Но Филипп отклоняет это предложение. Его тактика выжидания и бездействия дала очень хорошие результаты. Мало кто из придворных отваживался бросать открытый вызов мадам де Ментенон, но за запертыми дверьми и тщательно задернутыми занавесками — сколько велось переговоров, сколько приносилось клятв верности, сколько давалось обещаний! О своей лояльности поспешил заявить Виллар, лучший военачальник Франции. Янсенисты мечтали избавиться от иезуитов, аристократия мечтала восстановить свои права, а ее неизменный защитник Сен-Симон зарился на должность государственного секретаря.

Внук короля Франции, призванный править этой страной по праву рождения и по воле всей Европы, должен был бы с презрением отнестись к этому честолюбию и этим расчетам. Увы! Таящее в себе угрозу завещание и особенно недоброжелательность Филиппа V вынуждали герцога Орлеанского завоевывать сторонников и даже создавать свою партию. Он должен был выслушивать просьбы, в чем-то уступать, кого-то возвышать и обещать, обещать, обещать…

А король тем временем искал в Марли возможности укрыться от излишне любопытных взглядов и мужественно боролся за свою жизнь. Никогда еще он не трудился с таким упорством и с таким мужеством. Он столь часто направляет в Испанию гонцов, что ошеломленный и колеблющийся Филипп V не осмеливается пуститься в преступную авантюру, пока в его деде бьется хоть искра жизни.

Никто не знал, что и думать о состоянии монарха. Врачи не отваживались вслух высказывать свои опасения, но мадам де Ментенон, герцог Менский и отец Телье, пользуясь своей близостью к больному, заставляли его распорядиться наследством. Их друзья полагали, что король должен без промедления создать Совет по регентству и тем самым поставить герцога Орлеанского перед свершившимся фактом.

Людовик XIV снова появился в Версале 10 августа — изможденный, бледный, прихрамывающий; 11-го у него происходит неприятный разговор с Дагессо по поводу папской буллы, а уже 13-го он отказывается принять иностранного посланника, и с этого дня все время проводит в постели. По двору пополз слух, что у короля началась гангрена.

Герцог Орлеанский, сильно взволнованный, безуспешно пытается что-либо уточнить: пропасть, три года разделявшая Филиппа и Людовика, остается непреодолимой. Фагон, первый лейб-медик, не отступает от своего официального оптимизма; придворная жизнь, заседания Государственного совета, концерты — все идет привычным ритмом, и принц, на плечи которого скоро ляжет огромная ответственность, терялся в догадках, как и вся Европа. В эти решающие дни он был необыкновенно спокоен, прекрасно владел собой, не упуская из виду ни врагов, ни друзей.

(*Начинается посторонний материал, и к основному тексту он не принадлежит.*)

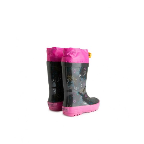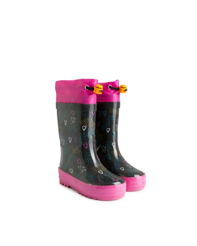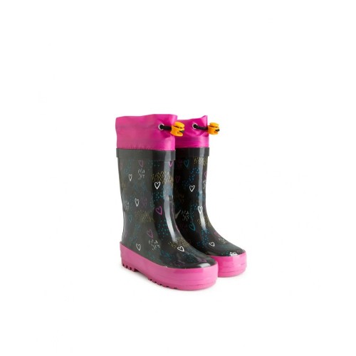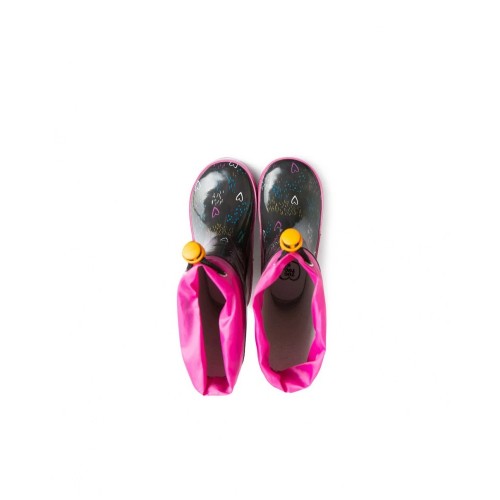 Boy's gray wellies with game print and lights on the sole with drawstring.

Врачи начинают проводить у постели больного короля все больше времени, а придворные постепенно меняют свое отношение к Филиппу: они становятся вежливыми, уважительными, почтительными. С каждым днем поток придворных растет, и Филипп понимает, что состояние его величества ухудшается.

Двадцать второго августа двор был потрясен известием, что король, отказавшийся проводить смотр своим войскам, позволил дофину заменить себя, а в качестве сопровождающего мальчику был назначен герцог Менский. Предусмотрительно отвергнув возбужденные советы Сен-Симона, Филипп облачился в военный мундир и, встав во главе своей роты, приветствовал дофина как простой капитан. Контраст между скромностью настоящего принца и напыщенностью бастарда, между героем Туринской битвы и незадачливым воякой, над которым насмехалась вся Европа, был столь разителен, что ее почувствовал даже потерявший самообладание герцог Менский. Когда войска вернулись в казармы, все офицеры только и говорили, что о герцоге Орлеанском, предоставив внебрачному сыну Людовика переживать в одиночестве свое разочарование.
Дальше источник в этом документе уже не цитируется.